*** Block opens ***
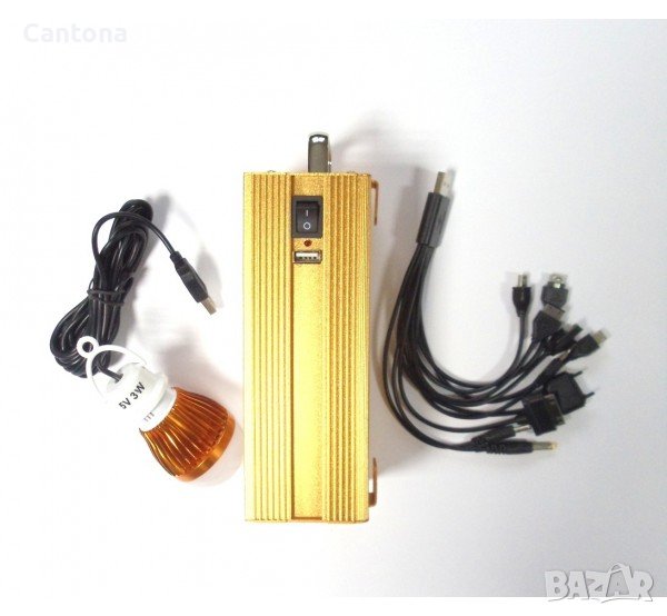 Акумулаторното осветление може да се използва като аварийно зарядно за мобилни устройства, USB изход 5V. Системата се зарежда от мрежата или на открито от слънчевия панел.
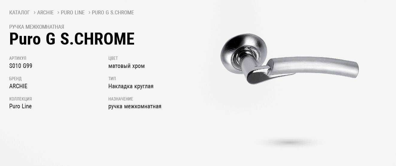 Ручка межкомнатная ARCHIE S010 G99 Puro Line, матовый хром
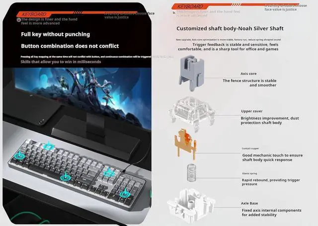 2. Silver shaft technology: Adopting silver shaft technology, it has faster response speed and higher durability.
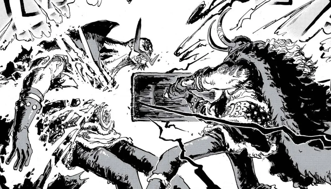 Gaban sebelumnya telah memahami bahwa musuh yang terkait dengan Imu hanya dapat ditaklukkan dengan serangan Haoshoku Haki yang sangat kuat. Namun, menghadapi lawan yang juga memiliki Haoshoku Haki membuat pertarungan menjadi jauh lebih berbahaya dan rumit. Bab ini menegaskan ancaman Imu meningkat drastis ketika ia “meminjam” tubuh individu kuat, seperti yang pernah terjadi pada Xebec.
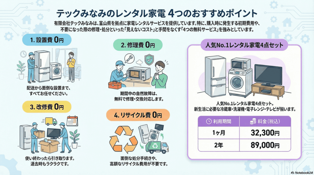 3. テックみなみのレンタルが選ばれる「4つの無料」 ✨
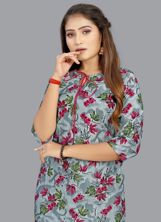 Casual Kurti Faux Crepe Grey Print
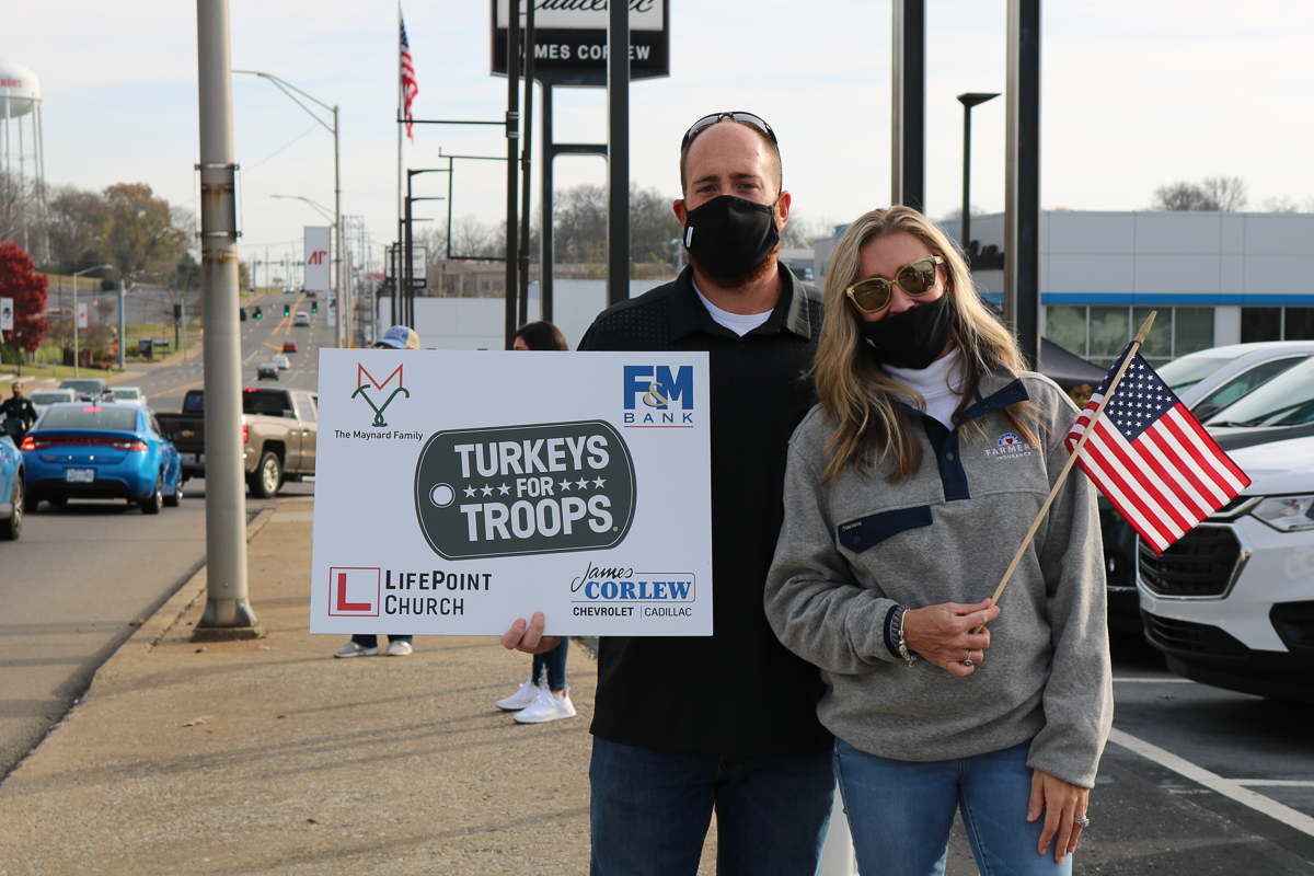 Organizers were to start at 8 a.m., but with traffic backed up on College Street, they decided to go early at 7:30. The final turkeys were handed out at 12:40 p.m., according to Charlie Koon, VP/Director of Corporate & Military Business Development at F&M Bank, who helped start the project in 2018.
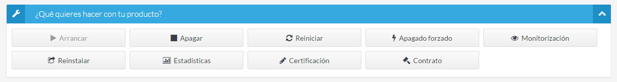 Reiniciar: Esta acción lo que hace es un reinicio ordenado, parando previamente los servicios que estén en ejecución en el servidor, en la medida de lo posible.
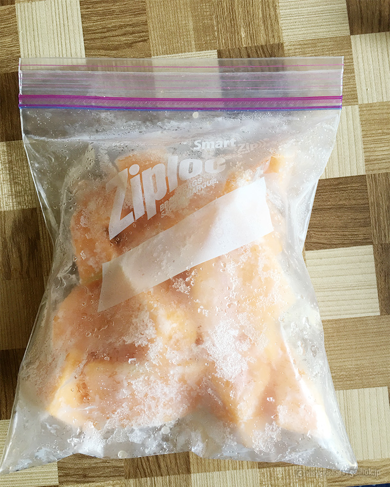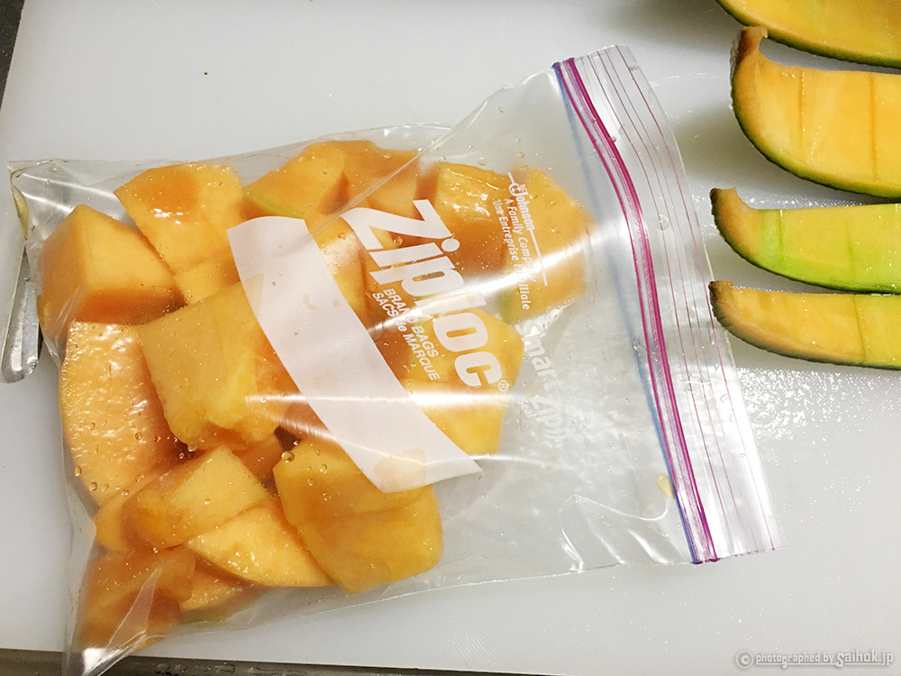 冷凍方法は簡単で、お好きな大きさにカットしたメロンを袋に入れてそのまま冷凍するだけです。
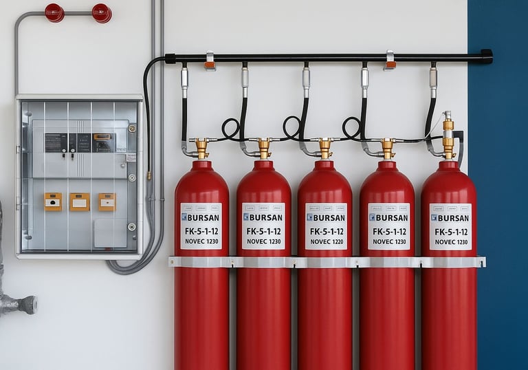Farklı risk alanlarına uygun olarak FK-5-1-12 (NOVEC 1230), FM200 ve CO₂ gazlı söndürme sistemleri ile tesislerinizi koruma altına alıyoruz.
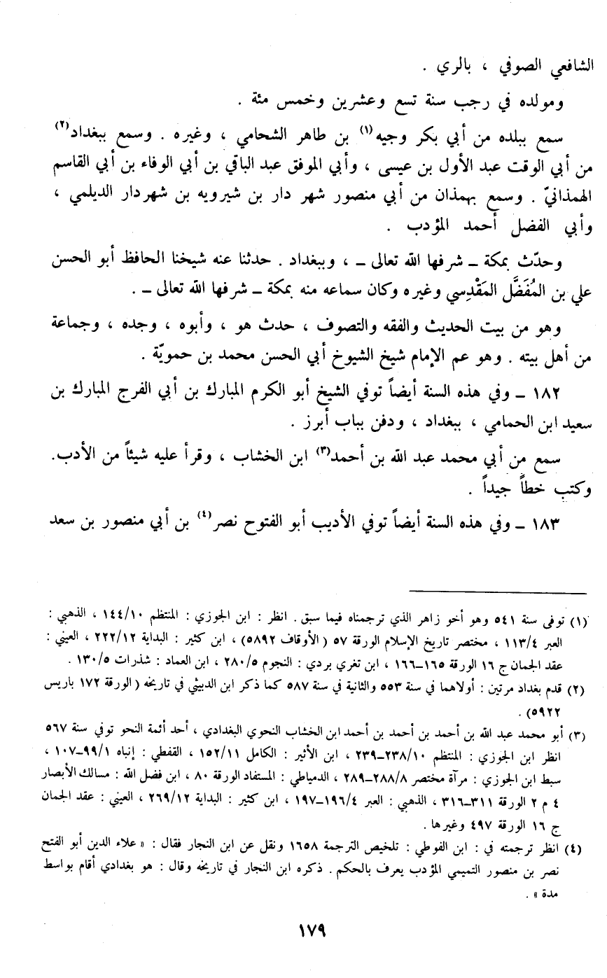 183 - وفي هذه السنة أيضا توفي الأديب أبو الفتوح نصر بن أبي منصور بن سعد بن نصر البغدادي المعروف بابن حمان #180# ببغداد.
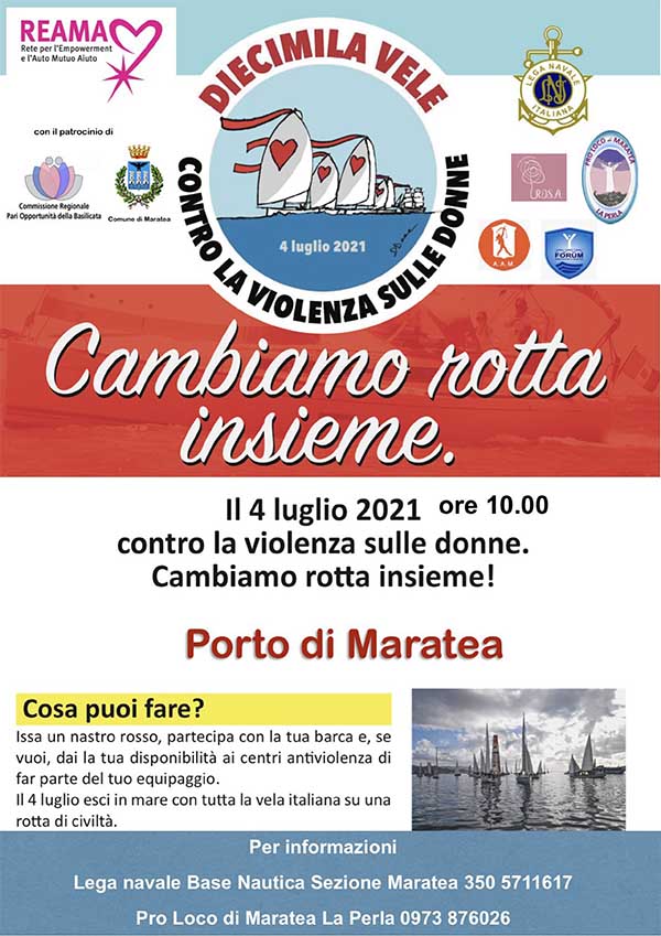 Anche la Basilicata si unirà all’evento “10.000 vele contro la violenza sulle donne. Cambiamo rotta insieme!”, un grande flash mob della vela a livello nazionale per dire basta alla violenza maschile sulle donne.
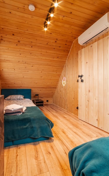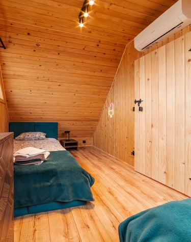 Każdy domek wyposażony jest w dwie sypialnie. W jednej sypialni znajduje się łóżko małżeńskie w drugiej dwa pojedyncze łóżka.
*** Block closes ***
Set the whole listing down again unchanged, apart from the pictures, which are omitted.

* _WORKED SOLUTION_
 Акумулаторното осветление може да се използва като аварийно зарядно за мобилни устройства, USB изход 5V. Системата се зарежда от мрежата или на открито от слънчевия панел.
 Ручка межкомнатная ARCHIE S010 G99 Puro Line, матовый хром
 2. Silver shaft technology: Adopting silver shaft technology, it has faster response speed and higher durability.
 Gaban sebelumnya telah memahami bahwa musuh yang terkait dengan Imu hanya dapat ditaklukkan dengan serangan Haoshoku Haki yang sangat kuat. Namun, menghadapi lawan yang juga memiliki Haoshoku Haki membuat pertarungan menjadi jauh lebih berbahaya dan rumit. Bab ini menegaskan ancaman Imu meningkat drastis ketika ia “meminjam” tubuh individu kuat, seperti yang pernah terjadi pada Xebec.
 3. テックみなみのレンタルが選ばれる「4つの無料」 ✨
 Casual Kurti Faux Crepe Grey Print
 Organizers were to start at 8 a.m., but with traffic backed up on College Street, they decided to go early at 7:30. The final turkeys were handed out at 12:40 p.m., according to Charlie Koon, VP/Director of Corporate & Military Business Development at F&M Bank, who helped start the project in 2018.
 Reiniciar: Esta acción lo que hace es un reinicio ordenado, parando previamente los servicios que estén en ejecución en el servidor, en la medida de lo posible.
 冷凍方法は簡単で、お好きな大きさにカットしたメロンを袋に入れてそのまま冷凍するだけです。
Farklı risk alanlarına uygun olarak FK-5-1-12 (NOVEC 1230), FM200 ve CO₂ gazlı söndürme sistemleri ile tesislerinizi koruma altına alıyoruz.
 183 - وفي هذه السنة أيضا توفي الأديب أبو الفتوح نصر بن أبي منصور بن سعد بن نصر البغدادي المعروف بابن حمان #180# ببغداد.
 Anche la Basilicata si unirà all’evento “10.000 vele contro la violenza sulle donne. Cambiamo rotta insieme!”, un grande flash mob della vela a livello nazionale per dire basta alla violenza maschile sulle donne.
 Każdy domek wyposażony jest w dwie sypialnie. W jednej sypialni znajduje się łóżko małżeńskie w drugiej dwa pojedyncze łóżka.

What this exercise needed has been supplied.